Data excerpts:
▬▬▬

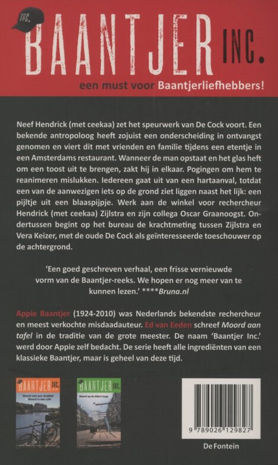 Een bekende antropoloog heeft zojuist een onderscheiding in ontvangst genomen en viert dit met vrienden en familie tijdens een etentje in een Amsterdams restaurant. Wanneer de man opstaat en het glas heft om een toost uit te brengen, zakt hij in elkaar. Pogingen om hem te reanimeren mislukken. Iedereen gaat uit van een hartaanval, totdat een van de aanwezigen iets op de grond ziet liggen naast het lijk: een pijltje uit een blaaspijpje. Werk aan de winkel voor rechercheur Hendrick (met ceekaa) Zijlstra en zijn collega Oscar Graanoogst. Ondertussen begint op het bureau de krachtmeting tussen Zijlstra en Vera Keizer, met de oude De Cock als geïnteresseerde toeschouwer op de achtergrond.
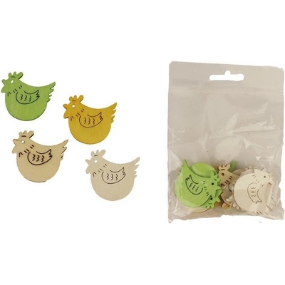 Sada dekoračních slepiček. Sada obsahuje 12 slepiček. Rozměry: 4 x 0,2 x 3,5 cm. Materiál: dřevo. Barva: zelená, žlutá, bílá, přírodní. Tento výrobek není hračka. Plastový obal odstraňte z dosahu dětí. Hrozí udušení.
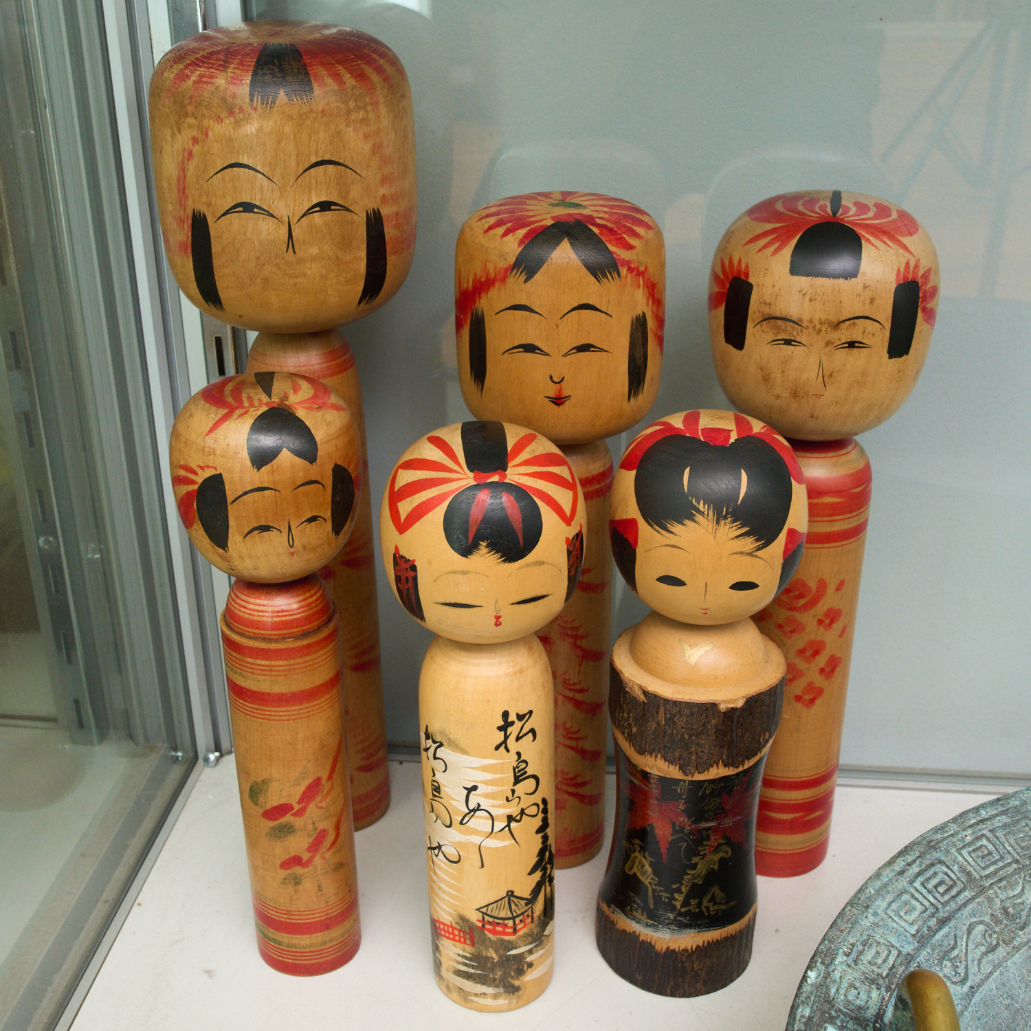 A GROUP OF SIX HAND PAINTED WOODEN KOKESHI DOLLS, LEONARD JOEL LOCAL DELIVERY SIZE: SMALL
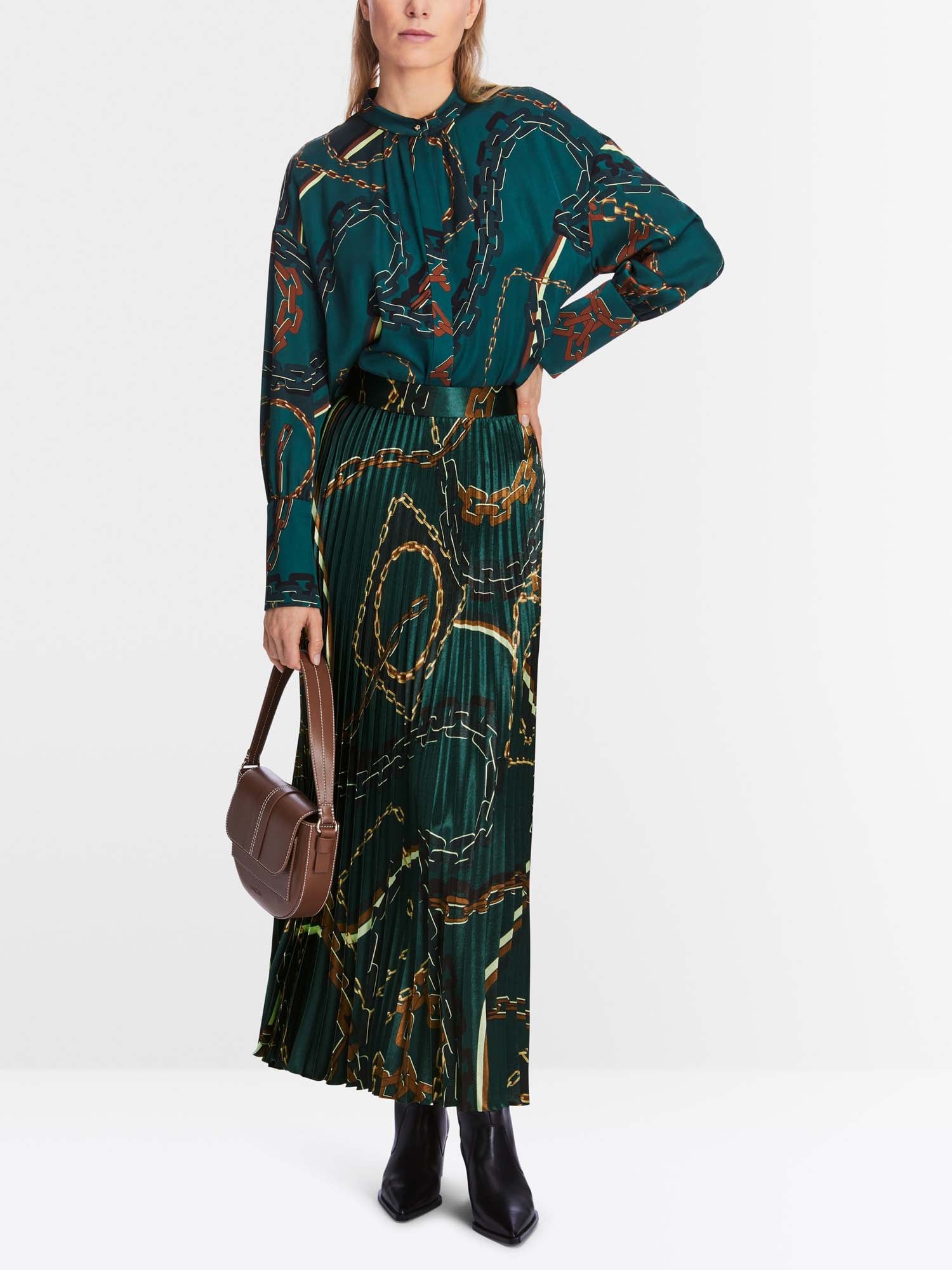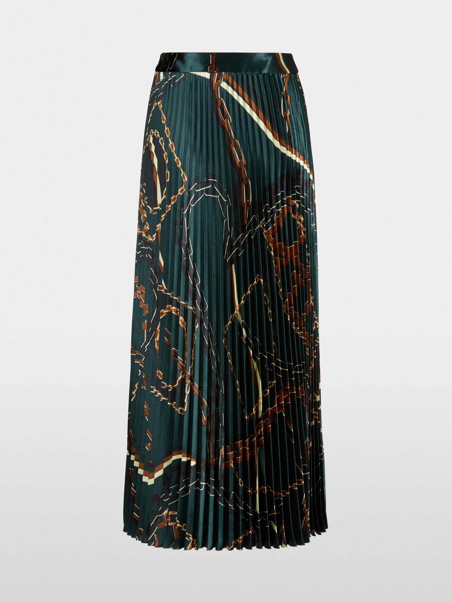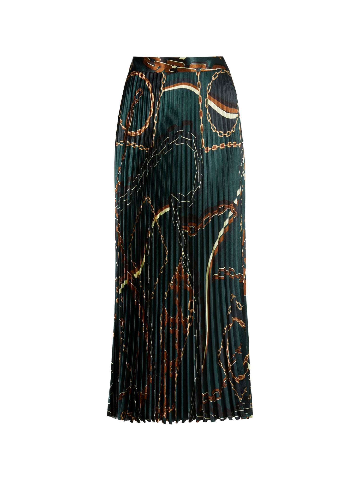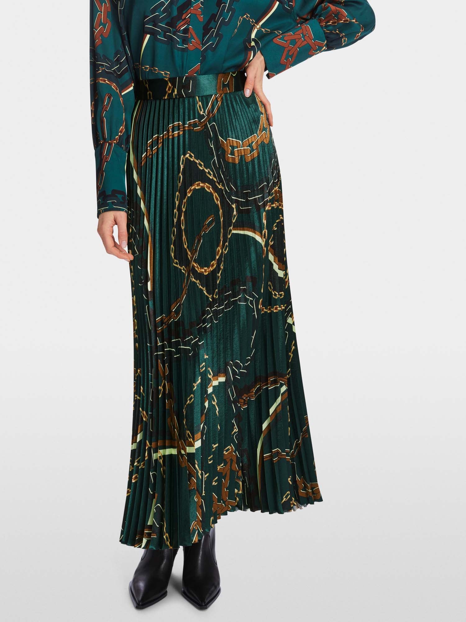 This softly flowing pleated skirt impresses with its elegant swing. The skirt comes in a midi length and has a zipper on the side. Featuring an all-over large chain design, this open-edged skirt is an attractive eye-catcher.
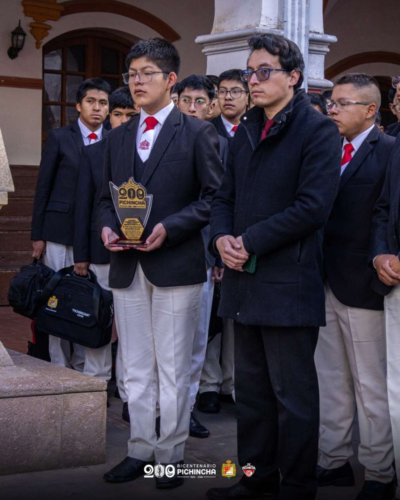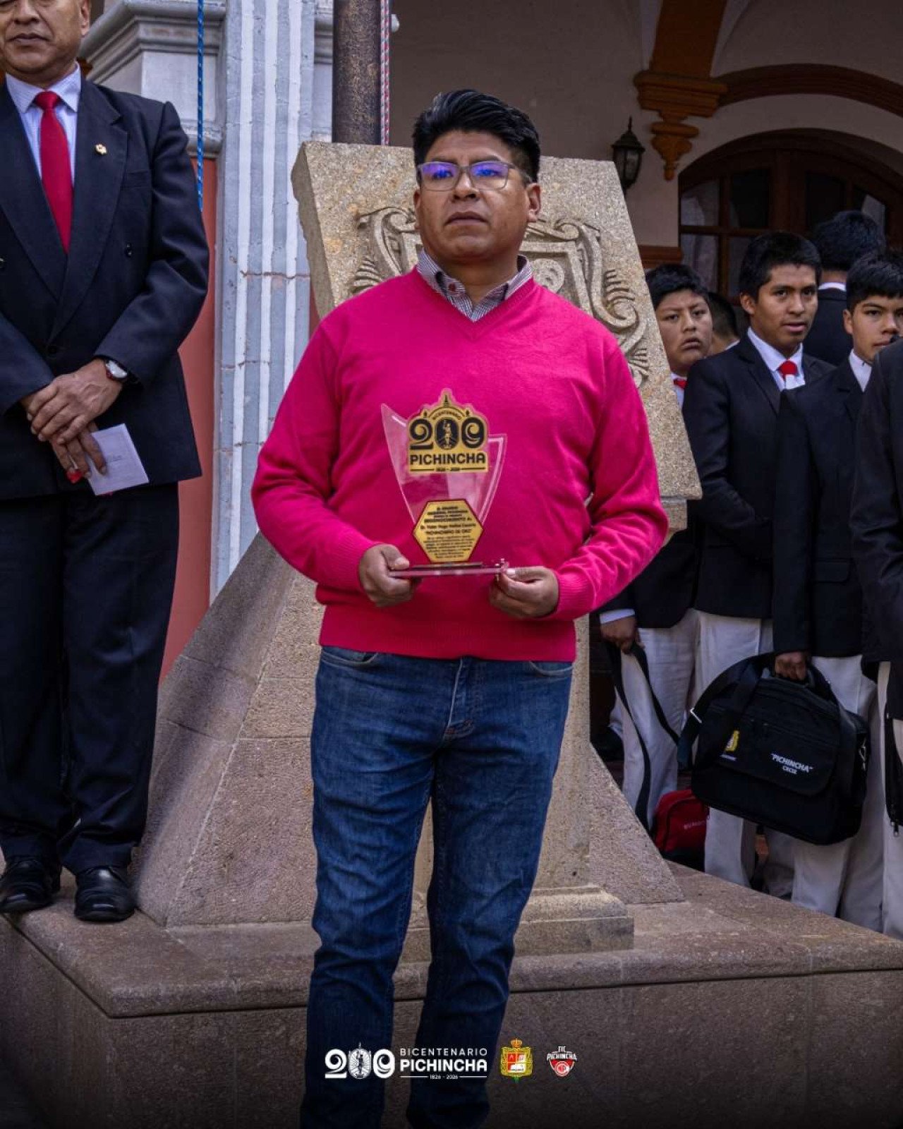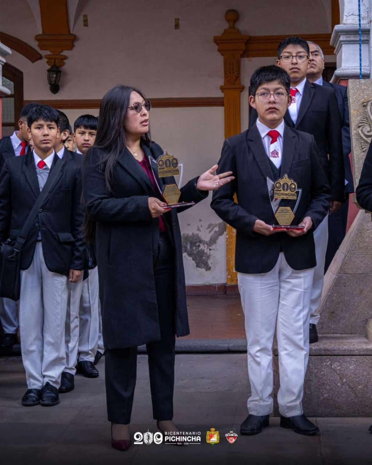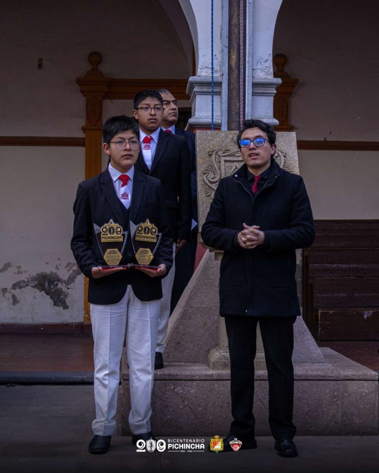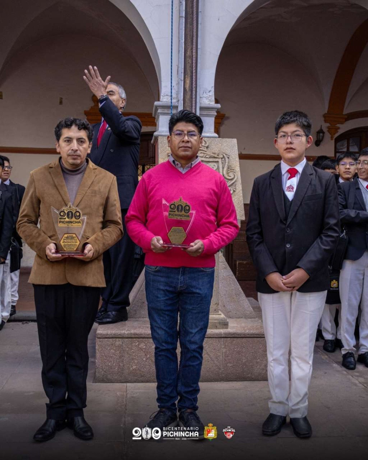 Asimismo, se llevó a cabo la entrega de reconocimientos a destacados exalumnos de nuestra institución: el Ing. Álvaro Víctor Ortiz y el Sr. Víctor Hugo Cazorla, en mérito a su valioso aporte al fortalecimiento del colegio, particularmente al gabinete de robótica, contribuyendo al desarrollo educativo y tecnológico de nuestros estudiantes en el marco del bicentenario institucional.
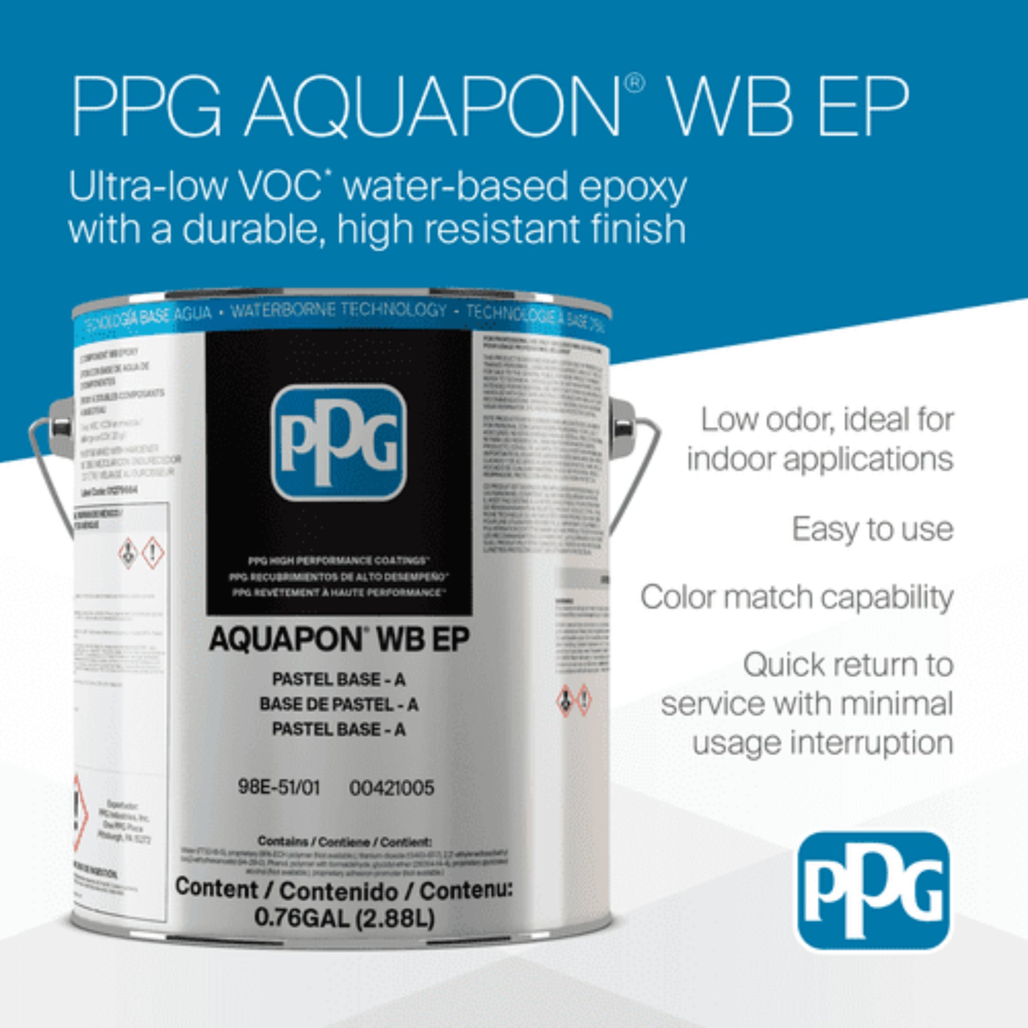 AQUAPON® WB Epoxy is a two-component, waterborne epoxy. It resists impacts, marring, and abrasions, as well as yellowing. It is suitable for floors and vertical surfaces.
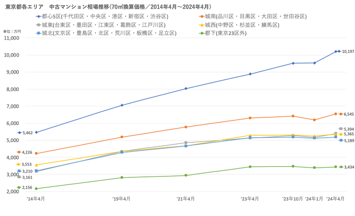 「不動産×WEB×ビッグデータ」の領域で、さまざまな不動産テックサービスを展開する株式会社ワンノブアカインド(本社:東京都港区、代表取締役社長:川島 直也、以下当社)は、当社が運営しているマンション情報サイト「マンションレビュー」の保有データを元に、全国の2024年4月の中古マンション相場を調査。坪単価をベースに70㎡での価格に換算した「中古マンション価格」*1について、10年前・5年前・3年前・前年からの推移を都道府県別・エリアごとにまとめましたので、発表いたします。

▬▬▬

§ What the task requires:
Make a word-for-word copy of the entries, without any pictures.

§ Worked solution:
 Een bekende antropoloog heeft zojuist een onderscheiding in ontvangst genomen en viert dit met vrienden en familie tijdens een etentje in een Amsterdams restaurant. Wanneer de man opstaat en het glas heft om een toost uit te brengen, zakt hij in elkaar. Pogingen om hem te reanimeren mislukken. Iedereen gaat uit van een hartaanval, totdat een van de aanwezigen iets op de grond ziet liggen naast het lijk: een pijltje uit een blaaspijpje. Werk aan de winkel voor rechercheur Hendrick (met ceekaa) Zijlstra en zijn collega Oscar Graanoogst. Ondertussen begint op het bureau de krachtmeting tussen Zijlstra en Vera Keizer, met de oude De Cock als geïnteresseerde toeschouwer op de achtergrond.
 Sada dekoračních slepiček. Sada obsahuje 12 slepiček. Rozměry: 4 x 0,2 x 3,5 cm. Materiál: dřevo. Barva: zelená, žlutá, bílá, přírodní. Tento výrobek není hračka. Plastový obal odstraňte z dosahu dětí. Hrozí udušení.
 A GROUP OF SIX HAND PAINTED WOODEN KOKESHI DOLLS, LEONARD JOEL LOCAL DELIVERY SIZE: SMALL
 This softly flowing pleated skirt impresses with its elegant swing. The skirt comes in a midi length and has a zipper on the side. Featuring an all-over large chain design, this open-edged skirt is an attractive eye-catcher.
 Asimismo, se llevó a cabo la entrega de reconocimientos a destacados exalumnos de nuestra institución: el Ing. Álvaro Víctor Ortiz y el Sr. Víctor Hugo Cazorla, en mérito a su valioso aporte al fortalecimiento del colegio, particularmente al gabinete de robótica, contribuyendo al desarrollo educativo y tecnológico de nuestros estudiantes en el marco del bicentenario institucional.
 AQUAPON® WB Epoxy is a two-component, waterborne epoxy. It resists impacts, marring, and abrasions, as well as yellowing. It is suitable for floors and vertical surfaces.
 「不動産×WEB×ビッグデータ」の領域で、さまざまな不動産テックサービスを展開する株式会社ワンノブアカインド(本社:東京都港区、代表取締役社長:川島 直也、以下当社)は、当社が運営しているマンション情報サイト「マンションレビュー」の保有データを元に、全国の2024年4月の中古マンション相場を調査。坪単価をベースに70㎡での価格に換算した「中古マンション価格」*1について、10年前・5年前・3年前・前年からの推移を都道府県別・エリアごとにまとめましたので、発表いたします。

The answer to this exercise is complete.